Task brief: When the line containing "בעיירה הועלתה באש." is reached, begin reproducing lines exactly and continue through the last line of the records below.
BEGIN Provided data
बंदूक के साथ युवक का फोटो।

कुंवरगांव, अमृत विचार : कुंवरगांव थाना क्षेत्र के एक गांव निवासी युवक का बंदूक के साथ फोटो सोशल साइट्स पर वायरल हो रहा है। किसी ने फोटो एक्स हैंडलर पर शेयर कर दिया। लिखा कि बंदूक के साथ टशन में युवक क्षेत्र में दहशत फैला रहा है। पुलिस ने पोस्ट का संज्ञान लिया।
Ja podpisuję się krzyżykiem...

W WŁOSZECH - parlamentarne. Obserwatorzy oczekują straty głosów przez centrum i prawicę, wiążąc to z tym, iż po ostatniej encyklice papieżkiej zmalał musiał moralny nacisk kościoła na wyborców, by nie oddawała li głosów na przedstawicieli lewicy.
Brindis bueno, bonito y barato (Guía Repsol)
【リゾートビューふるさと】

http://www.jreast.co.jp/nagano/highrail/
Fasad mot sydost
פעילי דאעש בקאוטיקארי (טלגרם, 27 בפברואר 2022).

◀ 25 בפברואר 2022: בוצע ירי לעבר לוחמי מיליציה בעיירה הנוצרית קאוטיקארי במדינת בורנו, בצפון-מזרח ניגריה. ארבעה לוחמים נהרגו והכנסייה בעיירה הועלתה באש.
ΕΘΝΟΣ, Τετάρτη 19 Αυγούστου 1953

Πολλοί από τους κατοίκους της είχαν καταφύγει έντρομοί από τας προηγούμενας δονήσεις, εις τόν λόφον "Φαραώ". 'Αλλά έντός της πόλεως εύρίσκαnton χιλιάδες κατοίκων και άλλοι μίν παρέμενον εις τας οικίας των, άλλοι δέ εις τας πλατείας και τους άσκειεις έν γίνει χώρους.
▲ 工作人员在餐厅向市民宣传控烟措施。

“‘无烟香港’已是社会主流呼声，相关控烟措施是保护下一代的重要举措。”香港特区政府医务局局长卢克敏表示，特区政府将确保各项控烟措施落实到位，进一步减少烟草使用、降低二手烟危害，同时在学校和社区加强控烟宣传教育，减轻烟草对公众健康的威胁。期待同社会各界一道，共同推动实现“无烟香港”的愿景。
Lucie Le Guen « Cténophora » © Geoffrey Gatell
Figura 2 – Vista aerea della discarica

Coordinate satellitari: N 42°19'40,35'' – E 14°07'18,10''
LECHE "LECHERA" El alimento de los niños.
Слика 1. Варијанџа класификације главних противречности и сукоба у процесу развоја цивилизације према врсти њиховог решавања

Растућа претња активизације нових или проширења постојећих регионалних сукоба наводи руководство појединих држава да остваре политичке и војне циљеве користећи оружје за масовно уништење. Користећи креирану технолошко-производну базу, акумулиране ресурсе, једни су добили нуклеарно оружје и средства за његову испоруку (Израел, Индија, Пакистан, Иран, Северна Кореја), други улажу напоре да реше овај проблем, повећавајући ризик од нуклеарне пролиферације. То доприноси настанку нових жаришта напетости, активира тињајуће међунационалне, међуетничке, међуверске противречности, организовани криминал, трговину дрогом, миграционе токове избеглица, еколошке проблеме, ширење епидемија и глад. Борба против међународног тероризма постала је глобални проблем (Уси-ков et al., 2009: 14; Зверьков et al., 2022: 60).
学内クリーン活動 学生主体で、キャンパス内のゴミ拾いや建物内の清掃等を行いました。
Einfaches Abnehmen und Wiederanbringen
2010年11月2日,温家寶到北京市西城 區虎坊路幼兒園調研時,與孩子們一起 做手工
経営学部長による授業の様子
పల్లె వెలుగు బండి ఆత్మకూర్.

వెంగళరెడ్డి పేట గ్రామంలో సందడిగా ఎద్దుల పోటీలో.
END Provided data
Problem solution:
◀ 25 בפברואר 2022: בוצע ירי לעבר לוחמי מיליציה בעיירה הנוצרית קאוטיקארי במדינת בורנו, בצפון-מזרח ניגריה. ארבעה לוחמים נהרגו והכנסייה בעיירה הועלתה באש.
ΕΘΝΟΣ, Τετάρτη 19 Αυγούστου 1953

Πολλοί από τους κατοίκους της είχαν καταφύγει έντρομοί από τας προηγούμενας δονήσεις, εις τόν λόφον "Φαραώ". 'Αλλά έντός της πόλεως εύρίσκαnton χιλιάδες κατοίκων και άλλοι μίν παρέμενον εις τας οικίας των, άλλοι δέ εις τας πλατείας και τους άσκειεις έν γίνει χώρους.
▲ 工作人员在餐厅向市民宣传控烟措施。

“‘无烟香港’已是社会主流呼声，相关控烟措施是保护下一代的重要举措。”香港特区政府医务局局长卢克敏表示，特区政府将确保各项控烟措施落实到位，进一步减少烟草使用、降低二手烟危害，同时在学校和社区加强控烟宣传教育，减轻烟草对公众健康的威胁。期待同社会各界一道，共同推动实现“无烟香港”的愿景。
Lucie Le Guen « Cténophora » © Geoffrey Gatell
Figura 2 – Vista aerea della discarica

Coordinate satellitari: N 42°19'40,35'' – E 14°07'18,10''
LECHE "LECHERA" El alimento de los niños.
Слика 1. Варијанџа класификације главних противречности и сукоба у процесу развоја цивилизације према врсти њиховог решавања

Растућа претња активизације нових или проширења постојећих регионалних сукоба наводи руководство појединих држава да остваре политичке и војне циљеве користећи оружје за масовно уништење. Користећи креирану технолошко-производну базу, акумулиране ресурсе, једни су добили нуклеарно оружје и средства за његову испоруку (Израел, Индија, Пакистан, Иран, Северна Кореја), други улажу напоре да реше овај проблем, повећавајући ризик од нуклеарне пролиферације. То доприноси настанку нових жаришта напетости, активира тињајуће међунационалне, међуетничке, међуверске противречности, организовани криминал, трговину дрогом, миграционе токове избеглица, еколошке проблеме, ширење епидемија и глад. Борба против међународног тероризма постала је глобални проблем (Уси-ков et al., 2009: 14; Зверьков et al., 2022: 60).
学内クリーン活動 学生主体で、キャンパス内のゴミ拾いや建物内の清掃等を行いました。
Einfaches Abnehmen und Wiederanbringen
2010年11月2日,温家寶到北京市西城 區虎坊路幼兒園調研時,與孩子們一起 做手工
経営学部長による授業の様子
పల్లె వెలుగు బండి ఆత్మకూర్.

వెంగళరెడ్డి పేట గ్రామంలో సందడిగా ఎద్దుల పోటీలో.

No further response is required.